Paul glanced at his wrist. “I have a class in Stuttgart this afternoon … I’m a bit pressed for time today, I’m afraid.”

“Oh, of course. I’m sorry.”

“But I’m glad to see that you’re feeling so much better.”

“Those painkillers kicked in. Thanks a lot. Anyway, I’m always much better after I eat.”

“So you’re familiar with Josef Novak’s early work. You’re an antiquarian, Maya. That’s very interesting. It’s remarkable. How old are you?”

“Paul, maybe it would be a good idea if I didn’t see Emil for a few days. It might be better for Emil if I just cleared out of his life for a little while. I mean, considering. What do you advise?”

“I’m sure Emil will recover by tomorrow morning. Emil almost always does. But I can imagine that course of action might be wise. Considering.”

“Maybe I’ll just wanderjahr for a few days. Do you mind if I take the train back with you to Stuttgart? Just to talk along the way. If that’s not an imposition.”

“No, not at all, I’d be delighted with your company.”

“I’ll dress. All right?”

There was no place in the studio to dress in privacy. The young were not much concerned with privacy. Maya tunneled awkwardly into tights and a sweater. Paul, with perfect indifference, did the washing up.

She glanced into her pocket mirror and was horrified. The truth could not have been more obvious if it were flashing on her brow in neon. This face was not the face of a young woman. It was a posthuman face, pale and pinched and brimful of exotic forms of anguish it was not fully allowed to experience. The sculptured, waxy face of some outmoded plastic mannequin.

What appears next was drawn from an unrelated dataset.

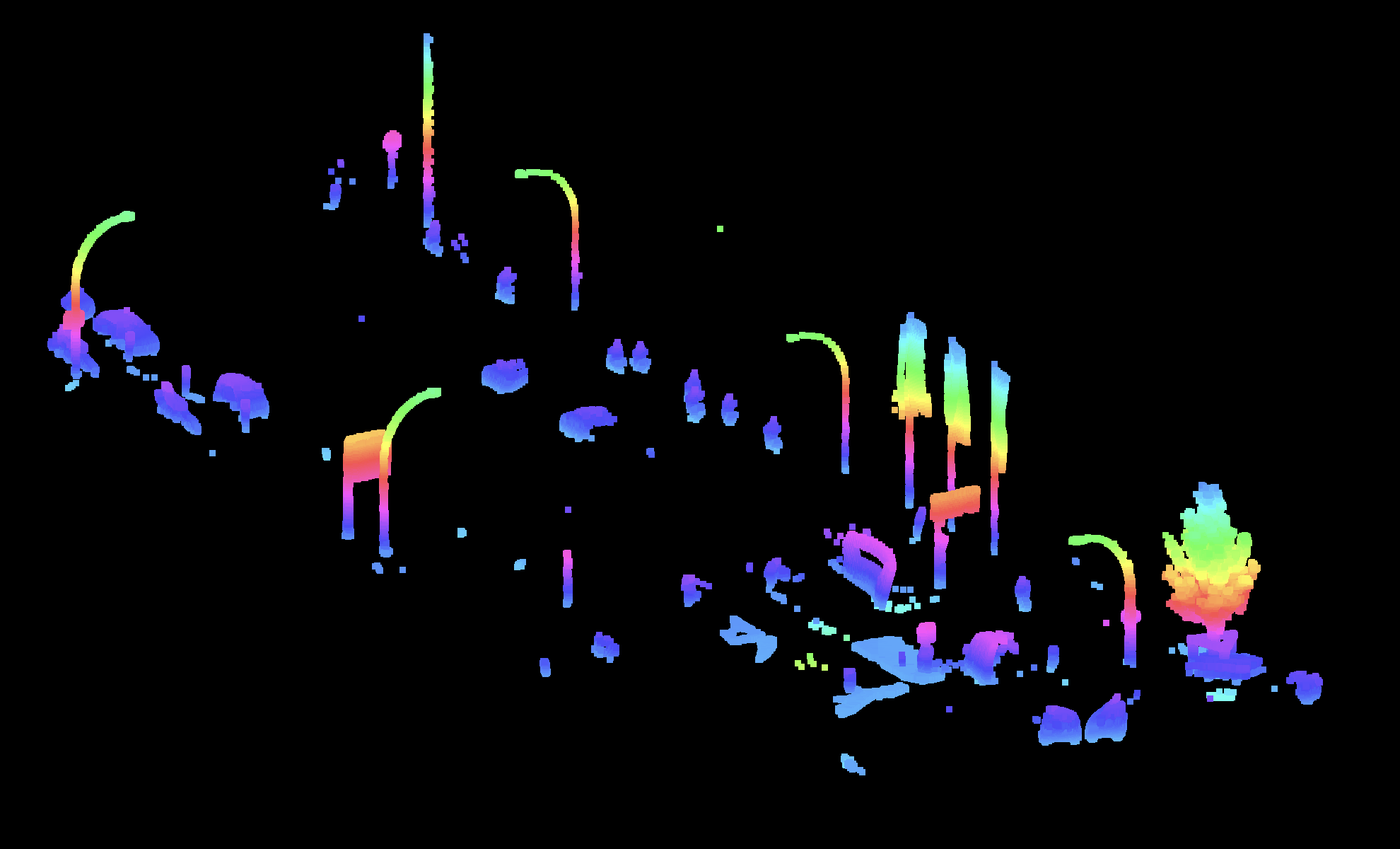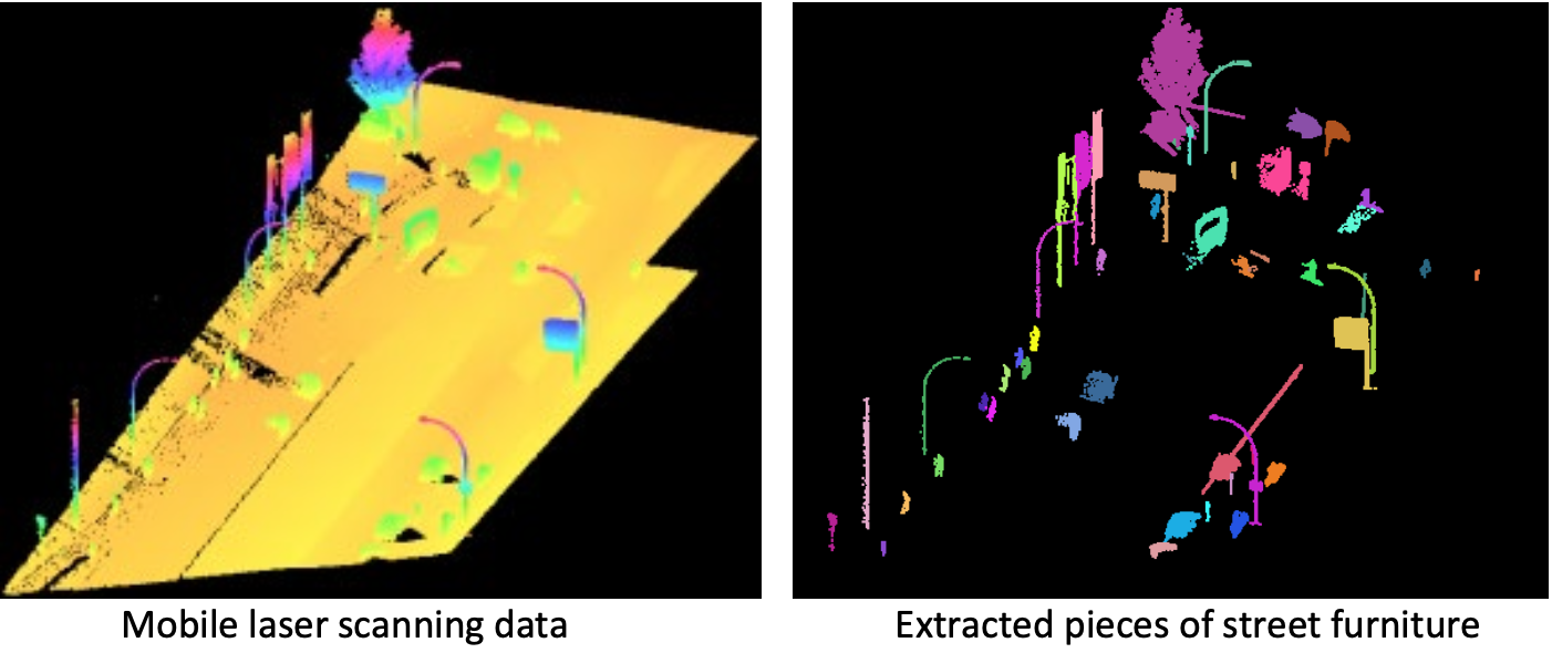 We had a piece of a point cloud obtained by Mobile Laser Scanning (MLS). My task is to process this point cloud such that the points belonging to the same piece of street furniture are given the same segment number and the points on the ground have been removed. This is shown in the right figure.

She rushed to the kitchen sink and set to work with cleansing gel. Toning lotion. Pore reliner. Epidermal matrix. Foundation. Blusher brushes. Mascara. Eyeliner. Gloss. Eyelash curler. Scleral brightener. Brow pencil. She’d forgotten to brush her teeth. The teeth would have to do.

The mirror showed her that she’d beaten the truth into submission. Smothered it in cosmetics. The hair was still awful but the natural hair was always pretty bad.

She found a bright Czech shawl, her kick-on shoes, her big warm gray beret. She slipped a couple of semidepleted cashcards into her backpack. Somehow she’d be all right now. Wrapped up, warm, contained. Perfectly happy and confident.

Paul, all patience and indifference, had been studying Emil’s more recent works. He’d found a wooden box and opened it. “Did he ever show you this?”

“I don’t think so.”

“It’s my favorite.” Paul reached with exaggerated care into the shredded lining of the box and retrieved a delicate white cup and saucer. He set them on Emil’s worktable. “He did this piece just after the change. He was thrashing at reality like a drowning man.”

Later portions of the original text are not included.